*Activity:*
Using the entries that follow, write out the line containing "不同省份,可以根據當地的需求", the line containing "В зрелом Ренессансе, а", and every line between them, exactly and nothing else.

*Provided material:*
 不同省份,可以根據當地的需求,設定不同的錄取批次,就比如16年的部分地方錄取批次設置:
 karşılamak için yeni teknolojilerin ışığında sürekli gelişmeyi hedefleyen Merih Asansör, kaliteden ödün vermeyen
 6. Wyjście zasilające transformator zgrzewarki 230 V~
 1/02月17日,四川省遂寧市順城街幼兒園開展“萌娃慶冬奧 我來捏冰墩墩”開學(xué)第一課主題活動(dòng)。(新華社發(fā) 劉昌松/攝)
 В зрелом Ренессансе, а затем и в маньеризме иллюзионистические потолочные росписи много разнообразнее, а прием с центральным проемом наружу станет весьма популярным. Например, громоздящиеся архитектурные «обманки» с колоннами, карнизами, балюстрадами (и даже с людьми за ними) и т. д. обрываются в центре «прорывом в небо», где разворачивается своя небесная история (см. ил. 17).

==

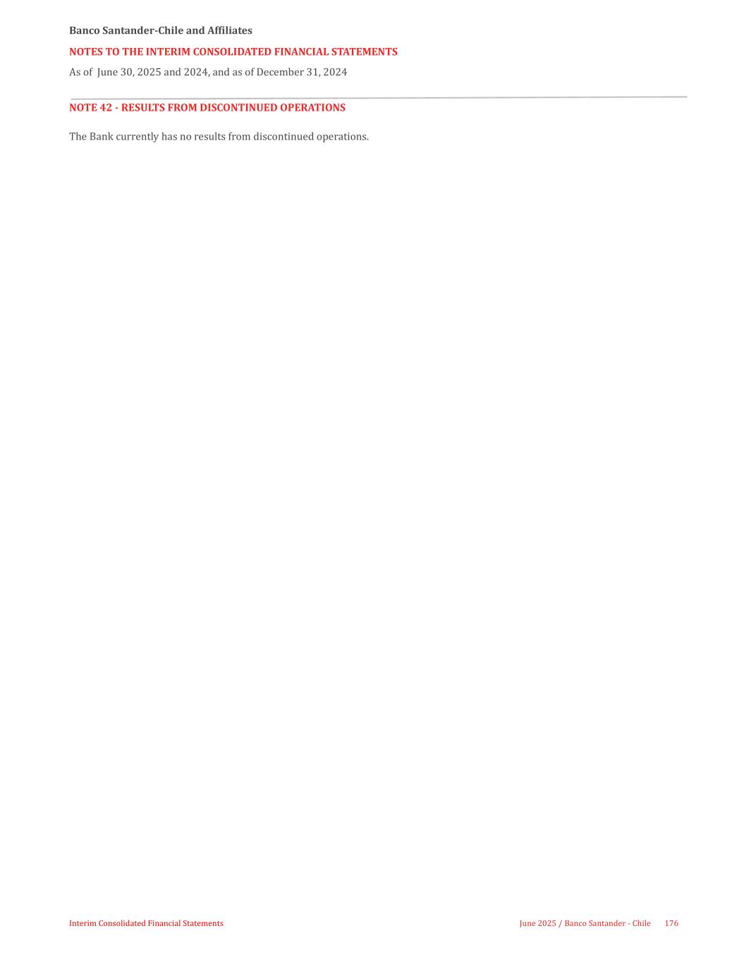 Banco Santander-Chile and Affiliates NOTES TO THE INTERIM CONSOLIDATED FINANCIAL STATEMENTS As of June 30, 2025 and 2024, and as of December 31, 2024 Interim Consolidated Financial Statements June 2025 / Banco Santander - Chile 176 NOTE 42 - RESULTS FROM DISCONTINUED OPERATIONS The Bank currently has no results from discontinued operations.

*Your response:*
 不同省份,可以根據當地的需求,設定不同的錄取批次,就比如16年的部分地方錄取批次設置:
 karşılamak için yeni teknolojilerin ışığında sürekli gelişmeyi hedefleyen Merih Asansör, kaliteden ödün vermeyen
 6. Wyjście zasilające transformator zgrzewarki 230 V~
 1/02月17日,四川省遂寧市順城街幼兒園開展“萌娃慶冬奧 我來捏冰墩墩”開學(xué)第一課主題活動(dòng)。(新華社發(fā) 劉昌松/攝)
 В зрелом Ренессансе, а затем и в маньеризме иллюзионистические потолочные росписи много разнообразнее, а прием с центральным проемом наружу станет весьма популярным. Например, громоздящиеся архитектурные «обманки» с колоннами, карнизами, балюстрадами (и даже с людьми за ними) и т. д. обрываются в центре «прорывом в небо», где разворачивается своя небесная история (см. ил. 17).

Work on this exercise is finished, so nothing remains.